Footnote 1 Although Gillespie alleges in her brief that she requested a continuance and made the trial court “fully aware of the fact that the only mailing she received, four days before the hearing, was the mailing sent via regular mail,” we do not have before us any written motion for continuance or the reporter's record from the hearing to substantiate her claims.
Footnote 2 We recognize Gillespie is a pro se appellant; however, pro se litigants are held to the same standards as licensed attorneys and must comply with all applicable laws and rules of procedure. Hope's Fin. Mgmt. v. Chase Manhattan Mortgage Corp., 172 S.W.3d 105, 107 (Tex. App.-Dallas 2005, pet. denied).
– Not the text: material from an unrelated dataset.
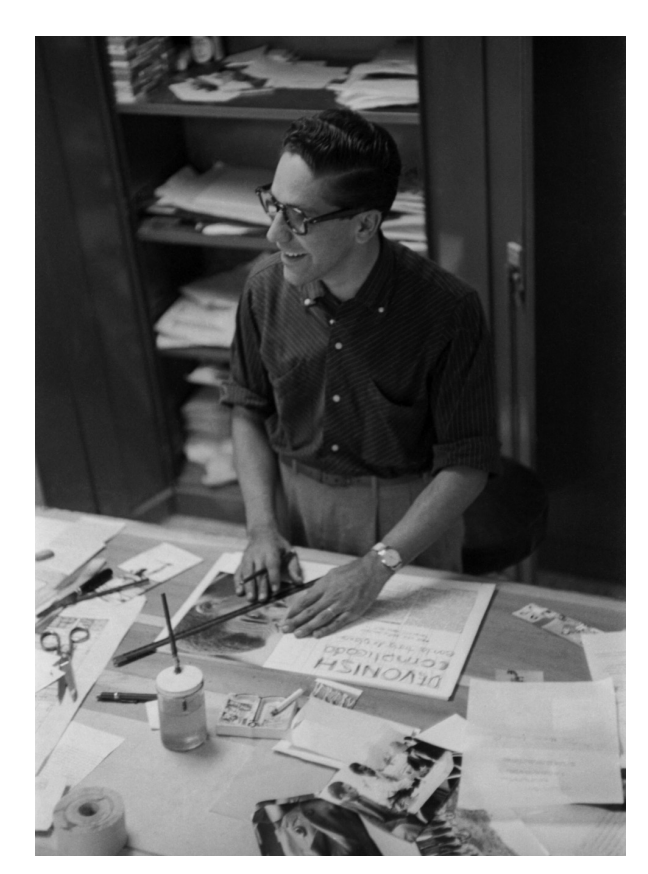
Carlos Cruz-Diez in his design studio. From the magazine Momento, Caracas, 1957.

Extensive study and introspection led to his realization that, in the art of his time, color still awaited a solution that would make manifest its changing and luminous nature.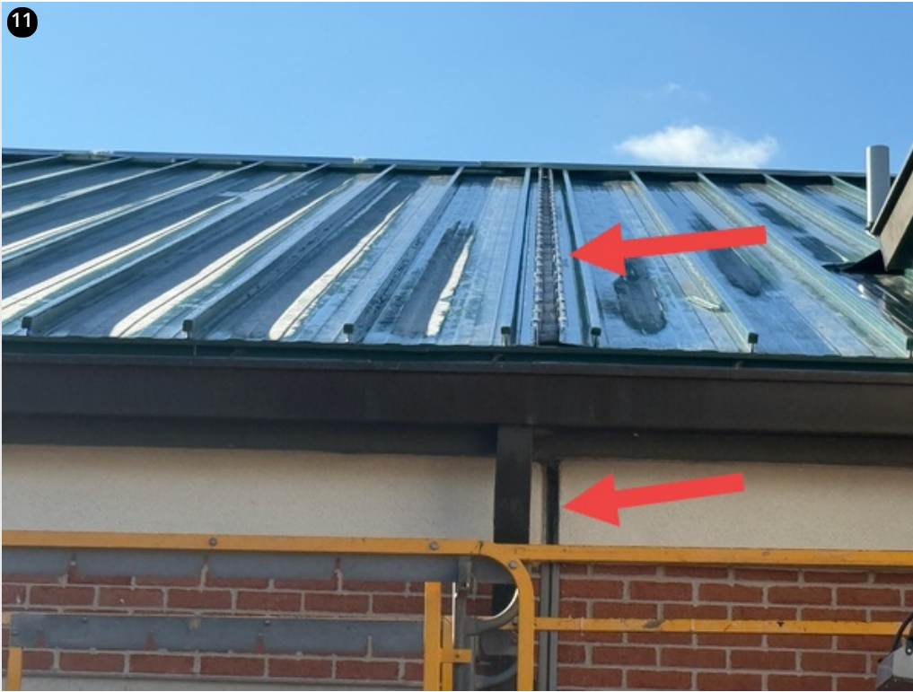
Gable clips installed on both sides of expansion joint- 1/14/25

Thus, on appeal the pro se appellant must properly present her case. Decker v. Dunbar, 200 S.W.3d 807, 809 (Tex. App.-Texarkana 2006, pet. denied).
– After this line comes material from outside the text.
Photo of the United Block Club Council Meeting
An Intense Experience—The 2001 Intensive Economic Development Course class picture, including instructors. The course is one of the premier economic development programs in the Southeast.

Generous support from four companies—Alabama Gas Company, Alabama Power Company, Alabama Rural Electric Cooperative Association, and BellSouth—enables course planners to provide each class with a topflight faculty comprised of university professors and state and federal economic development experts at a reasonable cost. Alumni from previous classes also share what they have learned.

Footnote 3 The affidavit specifically states it is made “for the purpose of declaring the incidents of statutory and contractual compliance of the entity or entities set forth herein. . . .”
. . .
 
 
3. . . . [P]roper notice was sent prior to the acceleration of the Debt. All obligations and duties of the Mortgagee or the Mortgage Servicer were performed in the manner required by law and all notices were served on the Debtor at the Debtor's last known address as shown by the records of the Mortgagee or the Mortgage Servicer prior to acceleration of the debt.
 
 
 
4. I, . . ., did, at least twenty-one days preceding JULY 5, 2005, the date of the sale made by the Trustee, serve written notice of the proposed sale, by certified mail, on each debtor obligated to pay such indebtedness according to the records of the Mortgagee or the Mortgage Servicer, by depositing a copy of the Notice of Non-Judicial Foreclosure Sale (“Notice of Sale”), enclosed in a postage prepaid wrapper, properly addressed to each such debtor at such debtor's most recent address as shown by the records, . . . , in a post office or official depository under the care and control of the United States Postal Service; and further did at least twenty-one (21) days preceding the date of said sale cause to have posted a signed copy of the Notice of Sale at the Courthouse door of the county courthouse of DALLAS county, Texas . . . . Further: said foreclosure sale began no later than three (3) hours after the earliest time set forth in the Notice of Sale and was held in the area specified in the Notice of Sale.
Footnote 4 Although Gillespie alleged the certified mail receipts attached to Midland's notices are “blatant forgeries,” she failed to object to any of Midland's evidence prior to or during the summary judgment hearing. Cantu v. Horany, 195 S.W.3d 867, 871 (Tex. App.-Dallas 2006, no pet.) (noting as a prerequisite to presenting a complaint for review, the record must show a timely objection was made to the trial court). Because she failed to properly preserve any alleged argument regarding forged documents, we do not consider it on appeal. Tex. R. App. P. 33.1(a).